ほんと間空けてすみません。相変わらずしょぼいですけど、どうぞよろしくお願いします。


39話 エピローグ

 過去最大級の魔女ワルプルギス、そして世界をも破滅させるクリームヒルトが倒されて一ヶ月。

 

群馬及び見滝原市では、表向きではスーパーセルに見舞われた地区の被害の規模等が調査され、復興が始まり多数の義援金や援助が届いた。ニュースによれば奇跡的に死者は出なかったとのこと。

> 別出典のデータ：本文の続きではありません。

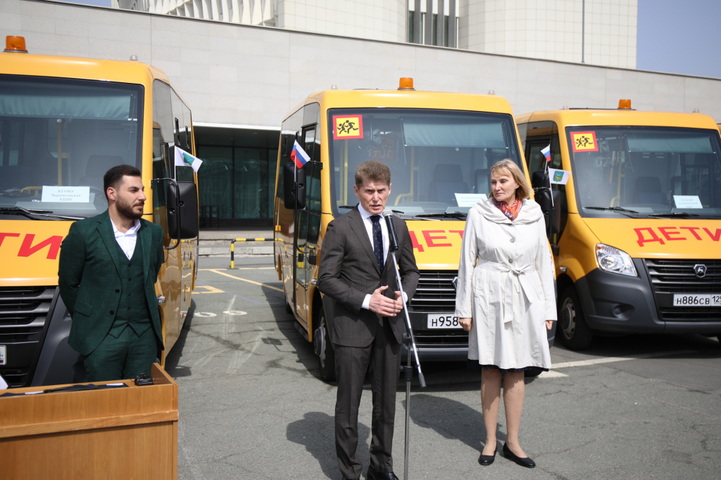 По словам главы региона, новый транспорт получили общеобразовательные учреждения Лесозаводского, Находкинского, Спасского, Лазовского, Пограничного и Тернейского, Шкотовского и Яковлевского округов, а также Красноармейского, Михайловского, Надеждинского и Спасского районов. Кроме того, транспорт получила Черниговская коррекционная школа-интернат.

徹底した避難指示の成果とか、どこかの大学の教授が、スーパーセルだけではここまでの被害は出ない等と話題にはなったけど、だれも真相に行き着くことはあり得ないだろう。

 

真相は私達しか知らないし、それを話すつもりもない。

 

 

「そろそろ時間ね」

 

 

一ヶ月ぶりにハンガーにかけてあった制服を取り、腕を通す。

 

 

今日から、学校が再開する。

 

 

 アパートの鍵をかけて学校に向かう。

 

砂時計の砂は全て流れ落ち、時間停止は使えなくなった。やろうと思えば、いつでも時間を巻き戻し、やり直しを試みることができる。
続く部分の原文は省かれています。